When seventeenth-century scientists began studying the physical properties of gases, they noticed simple relationships between some of the measurable properties of gases. Take pressure (P) and volume (V), for example. Scientists noted that for a given amount of a gas (usually expressed in units of moles [n]), if the temperature (T) of the gas is kept constant, pressure and volume are related: as one increases, the other decreases. As one decreases, the other increases. We say that pressure and volume are inversely related.

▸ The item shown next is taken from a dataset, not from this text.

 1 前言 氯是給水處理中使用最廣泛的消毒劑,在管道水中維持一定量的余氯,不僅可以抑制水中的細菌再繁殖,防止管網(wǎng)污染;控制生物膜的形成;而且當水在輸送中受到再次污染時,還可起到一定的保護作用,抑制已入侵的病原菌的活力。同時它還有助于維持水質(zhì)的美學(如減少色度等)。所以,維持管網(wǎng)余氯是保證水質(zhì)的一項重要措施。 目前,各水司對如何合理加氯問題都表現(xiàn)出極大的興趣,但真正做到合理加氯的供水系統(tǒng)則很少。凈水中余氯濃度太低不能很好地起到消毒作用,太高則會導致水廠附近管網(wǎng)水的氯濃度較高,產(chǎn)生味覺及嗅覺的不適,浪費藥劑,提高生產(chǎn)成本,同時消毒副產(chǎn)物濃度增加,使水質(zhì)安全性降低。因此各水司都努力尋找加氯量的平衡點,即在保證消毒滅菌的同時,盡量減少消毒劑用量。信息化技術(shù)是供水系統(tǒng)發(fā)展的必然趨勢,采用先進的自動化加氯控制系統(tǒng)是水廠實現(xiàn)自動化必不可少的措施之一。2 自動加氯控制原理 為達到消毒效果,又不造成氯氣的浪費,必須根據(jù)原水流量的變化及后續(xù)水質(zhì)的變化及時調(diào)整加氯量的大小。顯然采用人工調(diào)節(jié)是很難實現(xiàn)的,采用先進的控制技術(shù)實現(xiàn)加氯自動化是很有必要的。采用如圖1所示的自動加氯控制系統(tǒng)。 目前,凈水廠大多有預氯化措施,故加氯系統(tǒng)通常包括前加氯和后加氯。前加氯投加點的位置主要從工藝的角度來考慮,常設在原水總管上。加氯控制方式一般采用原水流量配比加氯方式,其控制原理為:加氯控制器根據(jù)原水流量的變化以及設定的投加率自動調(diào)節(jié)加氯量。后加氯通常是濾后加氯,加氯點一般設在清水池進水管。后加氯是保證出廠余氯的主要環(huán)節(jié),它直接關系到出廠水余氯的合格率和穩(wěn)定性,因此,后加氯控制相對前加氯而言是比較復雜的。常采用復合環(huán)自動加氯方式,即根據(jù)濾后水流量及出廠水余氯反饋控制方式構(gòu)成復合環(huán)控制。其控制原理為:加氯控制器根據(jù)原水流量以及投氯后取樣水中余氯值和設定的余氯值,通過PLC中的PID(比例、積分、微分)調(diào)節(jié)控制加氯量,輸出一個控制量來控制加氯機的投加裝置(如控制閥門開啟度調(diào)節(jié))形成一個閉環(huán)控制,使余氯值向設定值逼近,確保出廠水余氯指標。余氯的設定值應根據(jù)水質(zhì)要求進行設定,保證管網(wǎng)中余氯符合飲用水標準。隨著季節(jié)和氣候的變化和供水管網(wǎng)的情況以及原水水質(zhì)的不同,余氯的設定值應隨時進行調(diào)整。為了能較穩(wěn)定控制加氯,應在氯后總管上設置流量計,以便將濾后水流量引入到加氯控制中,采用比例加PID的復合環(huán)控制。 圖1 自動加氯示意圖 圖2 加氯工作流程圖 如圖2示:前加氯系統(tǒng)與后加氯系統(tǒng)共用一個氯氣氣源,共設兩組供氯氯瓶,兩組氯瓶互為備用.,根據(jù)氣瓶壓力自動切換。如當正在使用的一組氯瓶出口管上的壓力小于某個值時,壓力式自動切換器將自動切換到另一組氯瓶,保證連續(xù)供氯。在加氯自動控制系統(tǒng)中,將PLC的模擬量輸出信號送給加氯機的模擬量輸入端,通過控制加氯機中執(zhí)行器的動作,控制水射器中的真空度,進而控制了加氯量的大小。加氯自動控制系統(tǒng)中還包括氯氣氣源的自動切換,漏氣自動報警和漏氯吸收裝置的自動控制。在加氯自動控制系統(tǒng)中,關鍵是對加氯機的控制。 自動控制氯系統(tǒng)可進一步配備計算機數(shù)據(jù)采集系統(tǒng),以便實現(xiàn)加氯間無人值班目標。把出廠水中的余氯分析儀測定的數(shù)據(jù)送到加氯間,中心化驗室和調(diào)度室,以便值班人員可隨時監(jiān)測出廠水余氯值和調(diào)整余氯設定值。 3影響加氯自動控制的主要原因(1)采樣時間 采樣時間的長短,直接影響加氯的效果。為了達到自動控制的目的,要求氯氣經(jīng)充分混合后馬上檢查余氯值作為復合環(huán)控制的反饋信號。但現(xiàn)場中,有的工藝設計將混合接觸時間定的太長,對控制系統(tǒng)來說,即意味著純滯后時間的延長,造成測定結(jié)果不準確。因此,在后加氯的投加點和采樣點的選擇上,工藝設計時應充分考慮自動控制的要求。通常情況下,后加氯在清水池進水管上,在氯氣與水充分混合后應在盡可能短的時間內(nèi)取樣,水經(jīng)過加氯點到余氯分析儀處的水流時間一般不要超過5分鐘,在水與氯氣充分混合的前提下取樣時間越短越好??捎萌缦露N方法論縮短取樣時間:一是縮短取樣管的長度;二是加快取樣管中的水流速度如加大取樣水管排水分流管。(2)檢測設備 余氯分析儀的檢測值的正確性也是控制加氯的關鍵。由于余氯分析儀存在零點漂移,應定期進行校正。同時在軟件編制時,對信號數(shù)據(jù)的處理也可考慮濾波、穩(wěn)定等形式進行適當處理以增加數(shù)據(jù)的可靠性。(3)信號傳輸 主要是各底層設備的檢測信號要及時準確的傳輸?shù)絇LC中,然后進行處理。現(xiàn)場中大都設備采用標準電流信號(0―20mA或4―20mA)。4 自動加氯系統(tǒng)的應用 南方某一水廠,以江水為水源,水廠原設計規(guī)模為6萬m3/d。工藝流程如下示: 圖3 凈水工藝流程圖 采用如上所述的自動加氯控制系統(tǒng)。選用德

There is more to it, however: pressure and volume of a given amount of gas at a constant temperature are numerically related. If you take the pressure value and multiply it by the volume value, the product is a constant for a given amount of gas at a constant temperature:

P × V = constant at constant n and T

If either volume or pressure changes while the amount and temperature stay the same, then the other property must change so that the product of the two properties still equals that same constant. That is, if the original conditions are labelled P1 and V1 and the new conditions are labelled P2 and V2, we have:

P1V1 = constant = P2V2

where the properties are assumed to be multiplied together. Leaving out the middle part, we have simply:

P1V1 = P2V2 at constant n and T

This equation is an example of a gas law. A gas law is a simple mathematical formula that allows you to model, or predict, the behaviour of a gas. This particular gas law is called Boyle’s law, after the English scientist Robert Boyle, who first announced it in 1662. Figure 8.35 Boyle’s Law shows two representations of what Boyle’s law describes.

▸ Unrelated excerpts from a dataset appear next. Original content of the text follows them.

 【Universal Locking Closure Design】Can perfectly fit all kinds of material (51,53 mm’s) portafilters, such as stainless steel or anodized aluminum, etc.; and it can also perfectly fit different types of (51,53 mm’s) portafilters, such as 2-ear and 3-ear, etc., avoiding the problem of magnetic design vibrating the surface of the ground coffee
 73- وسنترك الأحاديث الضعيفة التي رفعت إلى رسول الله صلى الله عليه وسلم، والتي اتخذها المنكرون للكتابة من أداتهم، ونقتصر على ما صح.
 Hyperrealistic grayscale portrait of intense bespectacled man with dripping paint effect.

Volume is inversely proportional to pressure: high pressure will make the volume small.
Figure 8.33 “Boyle’s Law.” A piston having a certain pressure and volume (left piston) will have half the volume when its pressure is twice as much (right piston). One can also plot P versus V for a given amount of gas at a certain temperature; such a plot will look like the graph on the right.

A piston having a certain pressure and volume (left piston) will have half the volume when its pressure is twice as much (right piston). One can also plot P versus V for a given amount of gas at a certain temperature; such a plot will look like the graph on the right.

Boyle’s law is an example of a second type of mathematical problem we see in chemistry—one based on a mathematical formula. Tactics for working with mathematical formulas are different from tactics for working with conversion factors. First, most of the questions you will have to answer using formulas are word-type questions, so the first step is to identify what quantities are known and assign them to variables. Second, in most formulas, some mathematical rearrangements (i.e., algebra) must be performed to solve for an unknown variable. The rule is that to find the value of the unknown variable, you must mathematically isolate the unknown variable by itself and in the numerator of one side of the equation. Finally, units must be consistent. For example, in Boyle’s law there are two pressure variables, and they must have the same unit. There are also two volume variables; they also must have the same unit. In most cases, it won’t matter what the unit is, but the unit must be the same on both sides of the equation.

Example 8.6

Problem

A sample of gas has an initial pressure of 2.44 atm and an initial volume of 4.01 L. Its pressure changes to 1.93 atm. What is the new volume if temperature and amount are kept constant?

Solution

First, determine what quantities we are given. We are given an initial pressure and an initial volume, so let these values be P1 and V1:

P1 = 2.44 atm and V1 = 4.01 L

We are given another quantity, final pressure of 1.93 atm, but not a final volume. This final volume is the variable we will solve for.

P2 = 1.93 atm and V2 = ? L

Substituting these values into Boyle’s law, we get:

[latex](2.44\text{ atm})(4.01\text{ L})=(1.93\text{ atm})V_2[/latex]

To solve for the unknown variable, we isolate it by dividing both sides of the equation by 1.93 atm — both the number and the unit:

[latex]\dfrac{(2.44\text{ atm})(4.01\text{ L})}{1.93\text{ atm}}=\dfrac{(1.93\text{ atm})V_2}{1.93\text{ atm}}[/latex]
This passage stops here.